Mango Sticky Rice
🔸 1 cup Glutinous Rice
🔸 2/3 cup Water
🔸 Pandan leaves
𝘊𝘰𝘤𝘰𝘯𝘶𝘵 𝘚𝘢𝘶𝘤𝘦 :
🔸 2/3 cup Coconut Milk
🔸 1/2 tsp Salt
🔸 1/2 cup Sugar
𝘚𝘢𝘭𝘵𝘦𝘥 𝘊𝘰𝘤𝘰𝘯𝘶𝘵 𝘊𝘳𝘦𝘢𝘮 :
🔸 1/2 cup Coco Milk
🔸 1/4 tsp Salt
🔸 1 tsp Cornstarch + 1 Tbsp Water Mixture
1. Wash the Glutinous rice a few times until the water runs clear. Place the Rice in a stainless steel bowl and add 2/3 cup Water. Make sure the rice is submerged. Add pandan leaves to the top. Put the bowl on a trivet and place it inside the Instant Pot. Add 1 cup of Water, Pressure Cook on High Pressure for 13 minutes, 10 mins NPR.
2. While the rice is cooking, in a small saucepan, bring 2/3 cup Coconut Milk, 1/2 cup Sugar, and 1/2 tsp Salt to a simmer on medium heat. Whisk until sugar is fully dissolved. Turn off heat.

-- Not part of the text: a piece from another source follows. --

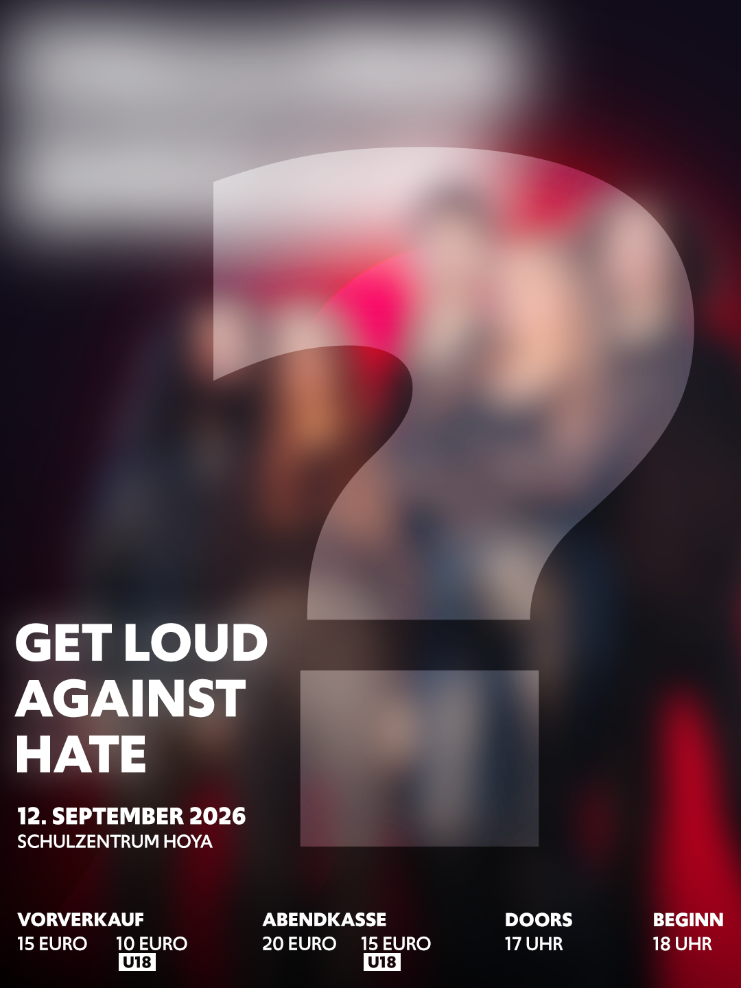 Unser Line-up ist komplett! Ab jetzt veröffentlichen wir nach und nach alle fünf Bands - jeweils immer zunächst mit einem kleinen Rätsel. Los geht´s mit einer regionalen Nachwuchsband, die das Get Loud Against Hate 2026 eröffnen wird.

3. After 10 minutes is up, remove rice bowl from Instant Pot. Pour the warm Coconut Sauce onto the rice and use a rice spatula to mix well. Cover the bowl with aluminum foil and let it sit until the liquid is absorbed for 30 minutes. Half way through, give the rice a mix, cover and continue to let it sit.
4. To make the Salted Coconut cream, heat 1/2 cup Coconut Milk, 1 tsp Cornstarch + 1 Tbsp Water mixture, and 1/4 tsp Salt in a small saucepan on medium heat. Whisk until the cream has thickened. Once you start seeing bubbles, turn off the heat.
5. When ready to serve, plate the sticky rice on a plate, drizzle/pour some Salted Coconut Cream onto the rice, and sprinkle some toasted sesame seeds on top. Serve with sliced or diced ripe mango.